Implicature

Implicature is a nonlogical inference constituting part of what is conveyed by S[peaker] in uttering U within context C, without being part of what is said in U. As stressed by H. PAUL GRICE (1989), what is conveyed is generally far richer than what is directly expressed; linguistic MEANING radically underdetermines utterance interpretation.
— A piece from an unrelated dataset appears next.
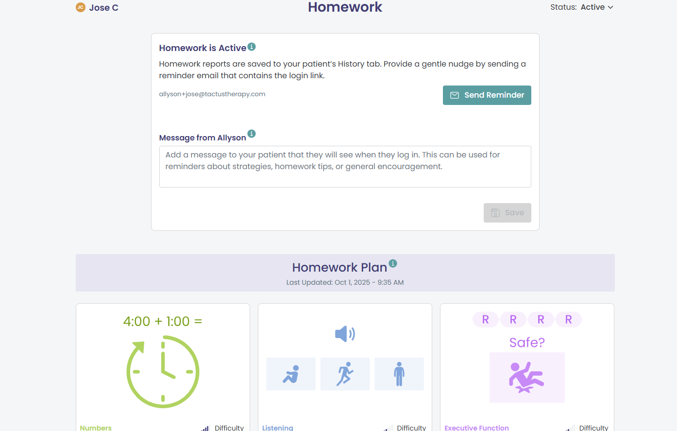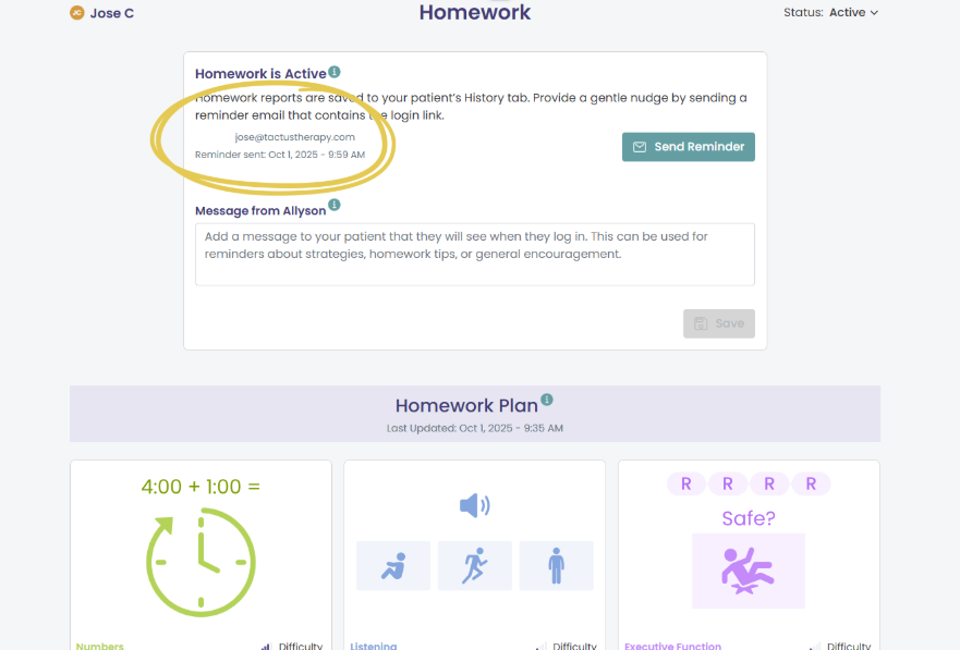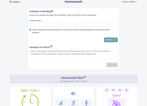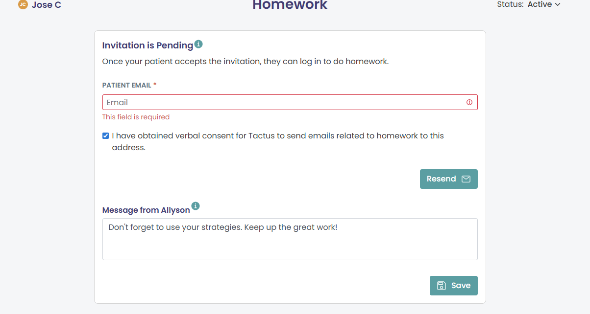 Once your patient has accepted the invitation and set up their account, the Resend option will no longer be available. Instead, you will see Homework is Active at the top of your screen in your patient’s profile under the Homework section. See screenshot below.

Pragmatic principles must be invoked to bridge this gap, for example, (1) (Harnish 1976: 340):

(1)
Make the strongest relevant claim justifiable by your evidence.

Precursors of (1) were proposed by Augustus De Morgan and John Stuart Mill in the mid-nineteenth century, and by P. F. Strawson and Robert Fogelin in the mid-twentieth (see Horn 1990), but the central contribution is Grice's, along with the recognition that such principles are not simply observed but rather systematically exploited to generate nonlogically valid inferences. From S's assertion that Some of the apples are ripe, H[earer] will tend to infer that (for all S knows) not all the apples are ripe, because if S had known all were ripe, she would have said so, given (1).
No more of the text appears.